You can fill in the partition where condition, for example:
pt_date='${yyyy-MM-dd-1d}'
Note:
Here fill in the partition field to avoid full table scan every time the quality task runs, which causes wastage of computational resources.
In SQL, ${yyyy-MM-dd-1d} is a date variable that represents one day before the execution date. It will be replaced with a specific date during Quality Task Execution.
For example: When the quality task runs at 2024-05-02 00:00:00, ${yyyy-MM-dd-1d} will be replaced with 2024-05-01.
Step 7: Trial Run
1. Select rules, click Trial run.
2. Modify the scheduling time, click Start trial run. After the trial run ends, you can click Click to view operation results.
Note:
The scheduling time filled in here will modify the Partition Time Variable.
For example, if you fill in 2024-05-02 here, ${yyyy-MM-dd} means 2024-05-02, and ${yyyy-MM-dd-1d} means 2024-05-01.
Batch Upload Rule
Upload attachments by uploading an Excel file, add new quality monitoring rules, and support monitoring rules for multiple tables.
Use cases: Add multiple monitoring rules to multiple database tables in one-time.
Step 1: Enter Data Monitoring Page
Enter the Data Quality > Data Monitoring > EMR interface, click Batch Upload Rule to add multiple quality rules.
Note:
Currently, WeData supports the following data source types: EMR-Hive, DLC, TCHouse-P, TCHouse-D, and Doris.
Step Two: Upload Template
1. Enter Data Monitoring > Batch Upload Rule interface. On the upload template interface, click Download Template, modify locally, then click Click Upload to upload the template.
SQL statement: Fill in an SQL statement here. The requirements are as follows:
The result must be one row and one column, a fixed value.
Only allowed to use partition variables, such as ${yyyy-MM-dd}.
Do not allow the use of table name and column name variables.
Trigger condition: comparison operator and compare value, colon-separated.
Comparison operator: fill in Chinese characters.
Compare value: fill in a numeric value.
2. Click Next to continue configuration.
Step Three: Associate Monitoring
1. In the monitor association field, click the dropdown list and select the monitoring task under the rule correspondence table to associate.
2. If you need to batch create and associate quality monitoring tasks, select the corresponding rule and click Batch Create Monitoring.
3. After creating monitoring, the selected rule will be automatically associated with the created monitoring. The created monitoring will be displayed in the monitoring list.
Step Four: Set Up Subscription
Set up a subscription to send notifications when the quality detection task running result meets trigger conditions (result not as expected, detection result failed), what method to send notification and notify whom.
1. Enter the Batch Set Subscription Information interface to set subscription information in batch.
2. On the pop-up subscription settings page, check the subscription method you need, and set the recipient.

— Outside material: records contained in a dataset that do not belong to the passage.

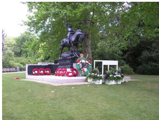
The Cavalry Memorial, Hyde Park

This year the Cavalry Memorial Parade will be held on Sunday 11 th May in Hyde Park and I hope that the Regiment will again be well represented. Detailed arrangements will be co-ordinated through the Midlands Branch so, if you would like to attend, please contact the Branch Secretary. I assume that the RY will, as usual, be organising a lunch after the parade. This year the lunch will be held at The Rifles Club, cost £17-50 per head. If you would like to attend, please let me know as soon as possible.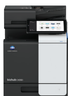
bizhub i-Series C4050i

To learn more, please visit workplacehub.konicaminolta.com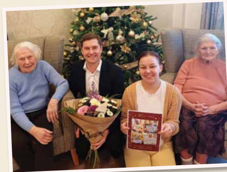
Pictured: Belong Macclesfield Xmas card winners

Click Save.
Step Five: Set Detection Scope
1. Click Batch Set Detection Scope to enter the Set Detection Scope interface and batch set the detection scope.
2. On the popup page, add the following information:
Here you can select conditional scan or full table scan. Recommend choose conditional scan.
You can fill in the partition where condition, for example:
pt_date='${yyyy-MM-dd-1d}'
Note:
Here fill in the partition field to avoid full table scan every time the quality task runs, which causes wastage of computational resources.
In SQL, ${yyyy-MM-dd-1d} is a date variable that represents one day before the execution date. It will be replaced with a specific date during Quality Task Execution.
For example: When the quality task runs at 2024-05-02 00:00:00, ${yyyy-MM-dd-1d} will be replaced with 2024-05-01.
Step Six: Trial Run
1. Select rules, click Trial run.
2. Modify the scheduling time, click Start trial run. After the trial run ends, you can click Click to view operation results.
Note:
The scheduling time filled in here will modify the Partition Time Variable.
For example, if you fill in 2024-05-02 here, ${yyyy-MM-dd} means 2024-05-02, and ${yyyy-MM-dd-1d} means 2024-05-01.